It is hot during the day, sweat gathering even in the starched white collar of Arthur’s shirt, loosened tie and undone buttons leaving it hanging limply open in the tepid air, baring his throat as he cooks the books on the worn surface of the bar. Through the windows he can hear the rumble of traffic, automobiles and rickety wagons, goats and donkeys fighting for street space, their drivers shouting in sharp, cutting syllables, layer over layer.
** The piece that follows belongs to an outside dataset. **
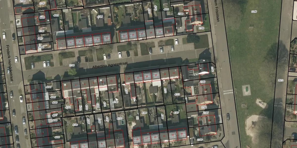 Het perceel waarop Albertina Agnesstraat 18 staat heeft een oppervlakte van 1055 m². Dit is een zeer groot perceel. De perceeloppervlakte wordt geregistreerd door het Kadaster. Gedetailleerde informatie over de maten van dit perceel kunt u vinden in het rapport Kadastrale kaart met maatvoering van Albertina Agnesstraat 18.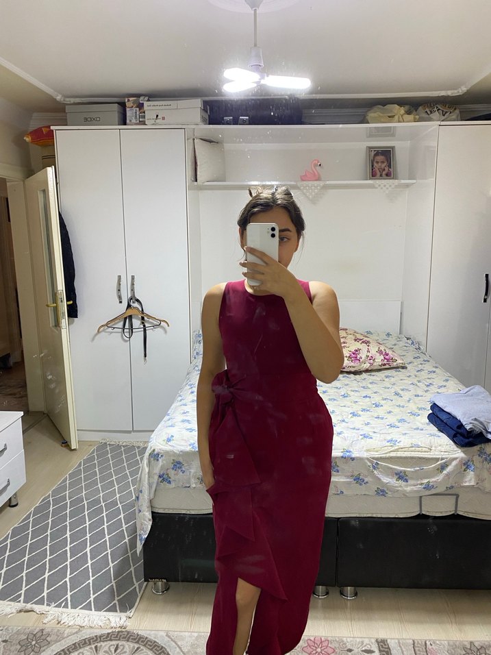 Bordo renk, midi boyda, straplez yaka ve drapeli detaylara sahip, fitted kesim elbise. Minimalist tarzıyla romantik akşamlar için uygun, modaya uygun ve trend belirleyici. s beden ama m beden de uygun olur. kemeri mevcut defosu yok

It’s the background symphony to the muddled thoughts in his head, vying for attention against the stream of numbers he attempts to fit together to make some sense of the previous night’s take. The numbers swim in front of him: money raked in from cards and rattling dice in the backroom, and from the flood of alcohol over the bar in the front room, parceled out while the patrons listened to music and swayed and drank themselves into dreamy oblivion…
He sighs and sets down his pencil, rubs at his bleary eyes, pours himself another finger of whiskey from the open bottle next to him, already half empty. He tells himself he can’t think in the heat, that one of his staff fudged the numbers, that he’s drank too much or not enough, that Limbo in all its unattractive, ordinary daytime ugliness is disconcerting and distracting him, but really, it’s none of these things.
He knows what it is.
It’s Eames.
Or rather, the distinct loss of Eames. Because Limbo has always been colourless and lackluster in the daytime heat of Morocco, so sharply contrasted against the Limbo of night, and that hasn’t changed.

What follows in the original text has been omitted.